What is needed
Only the lines from the one containing "Проститутки спросили у" through the end of the entries should be returned, exactly as they are, with the pictures omitted.

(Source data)
- - - - -

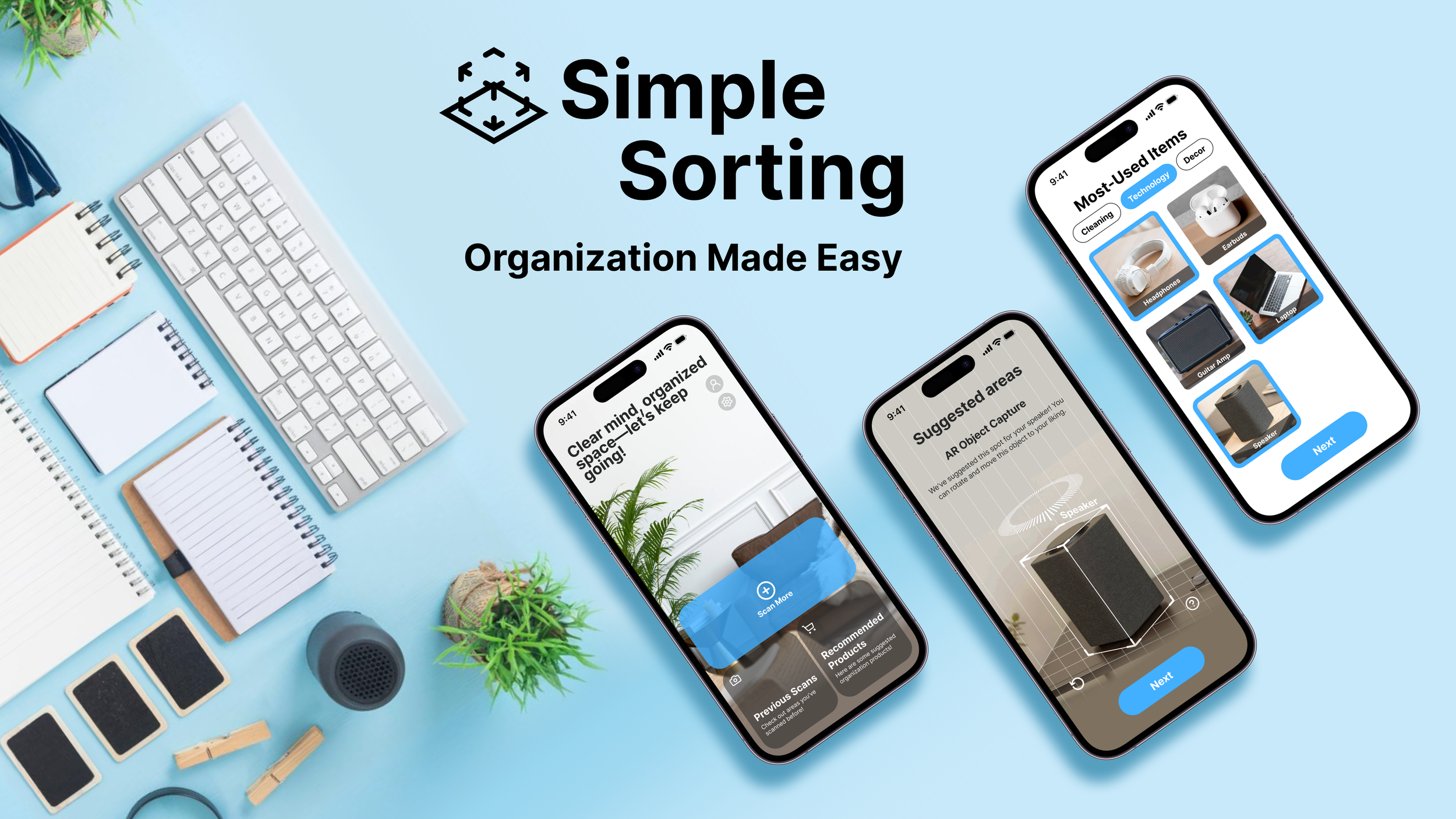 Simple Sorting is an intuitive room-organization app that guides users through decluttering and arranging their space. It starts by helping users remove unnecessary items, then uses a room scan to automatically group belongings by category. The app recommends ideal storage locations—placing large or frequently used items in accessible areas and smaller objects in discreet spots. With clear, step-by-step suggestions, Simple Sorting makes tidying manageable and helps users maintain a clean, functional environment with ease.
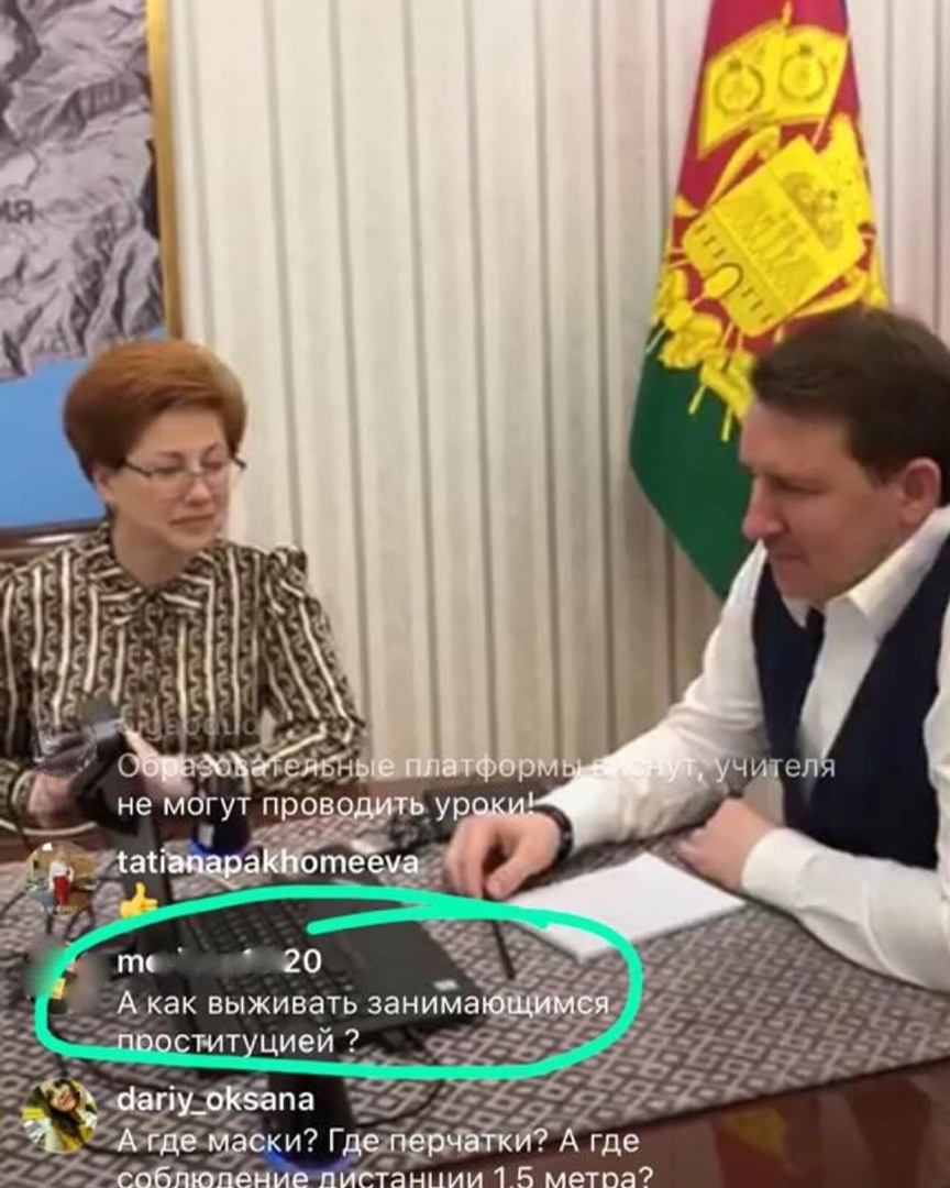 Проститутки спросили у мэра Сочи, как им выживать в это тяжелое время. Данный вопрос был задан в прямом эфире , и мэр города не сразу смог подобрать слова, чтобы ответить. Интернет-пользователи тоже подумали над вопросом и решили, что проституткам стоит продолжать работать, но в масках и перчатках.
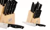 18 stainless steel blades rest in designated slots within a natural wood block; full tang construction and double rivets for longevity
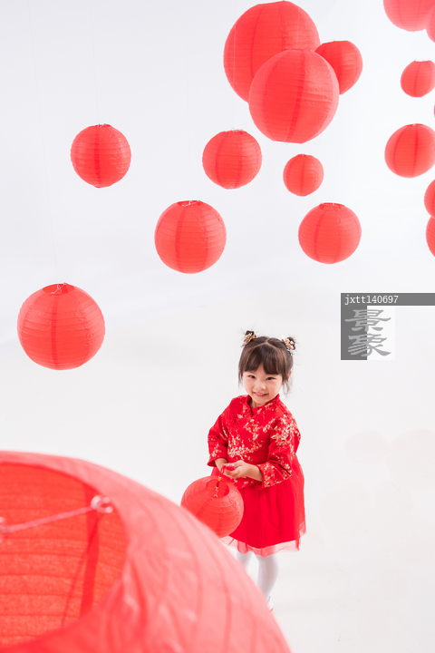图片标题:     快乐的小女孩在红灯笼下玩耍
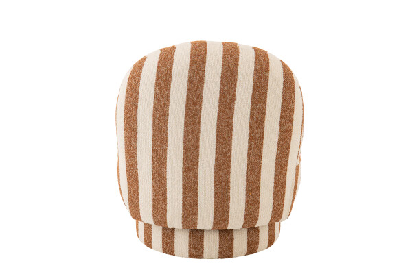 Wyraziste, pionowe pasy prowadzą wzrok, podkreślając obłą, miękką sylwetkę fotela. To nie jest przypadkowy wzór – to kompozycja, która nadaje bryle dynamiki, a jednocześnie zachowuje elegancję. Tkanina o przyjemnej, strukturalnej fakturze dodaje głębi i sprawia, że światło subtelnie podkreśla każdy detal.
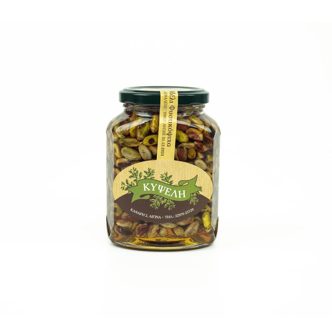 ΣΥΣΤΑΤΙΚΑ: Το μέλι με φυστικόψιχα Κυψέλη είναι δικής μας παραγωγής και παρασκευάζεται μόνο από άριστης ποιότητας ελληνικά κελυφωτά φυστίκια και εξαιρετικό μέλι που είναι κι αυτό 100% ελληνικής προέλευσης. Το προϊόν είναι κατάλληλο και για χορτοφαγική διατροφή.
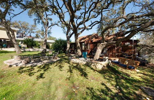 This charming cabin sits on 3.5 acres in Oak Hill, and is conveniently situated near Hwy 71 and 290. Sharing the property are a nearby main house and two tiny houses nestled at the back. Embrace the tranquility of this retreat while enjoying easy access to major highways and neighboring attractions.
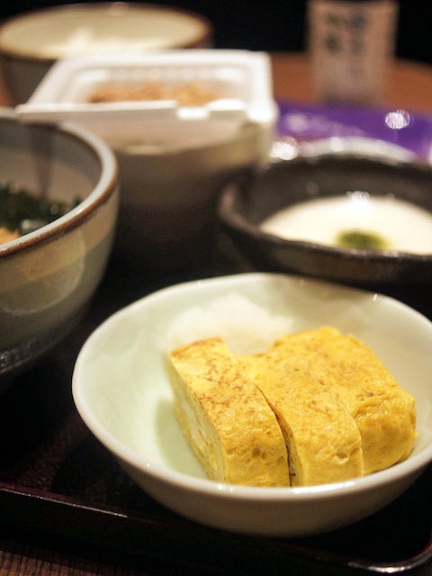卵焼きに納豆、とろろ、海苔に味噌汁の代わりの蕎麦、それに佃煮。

- - - - -

Solution
 Проститутки спросили у мэра Сочи, как им выживать в это тяжелое время. Данный вопрос был задан в прямом эфире , и мэр города не сразу смог подобрать слова, чтобы ответить. Интернет-пользователи тоже подумали над вопросом и решили, что проституткам стоит продолжать работать, но в масках и перчатках.
 18 stainless steel blades rest in designated slots within a natural wood block; full tang construction and double rivets for longevity
图片标题:     快乐的小女孩在红灯笼下玩耍
 Wyraziste, pionowe pasy prowadzą wzrok, podkreślając obłą, miękką sylwetkę fotela. To nie jest przypadkowy wzór – to kompozycja, która nadaje bryle dynamiki, a jednocześnie zachowuje elegancję. Tkanina o przyjemnej, strukturalnej fakturze dodaje głębi i sprawia, że światło subtelnie podkreśla każdy detal.
 ΣΥΣΤΑΤΙΚΑ: Το μέλι με φυστικόψιχα Κυψέλη είναι δικής μας παραγωγής και παρασκευάζεται μόνο από άριστης ποιότητας ελληνικά κελυφωτά φυστίκια και εξαιρετικό μέλι που είναι κι αυτό 100% ελληνικής προέλευσης. Το προϊόν είναι κατάλληλο και για χορτοφαγική διατροφή.
 This charming cabin sits on 3.5 acres in Oak Hill, and is conveniently situated near Hwy 71 and 290. Sharing the property are a nearby main house and two tiny houses nestled at the back. Embrace the tranquility of this retreat while enjoying easy access to major highways and neighboring attractions.
卵焼きに納豆、とろろ、海苔に味噌汁の代わりの蕎麦、それに佃煮。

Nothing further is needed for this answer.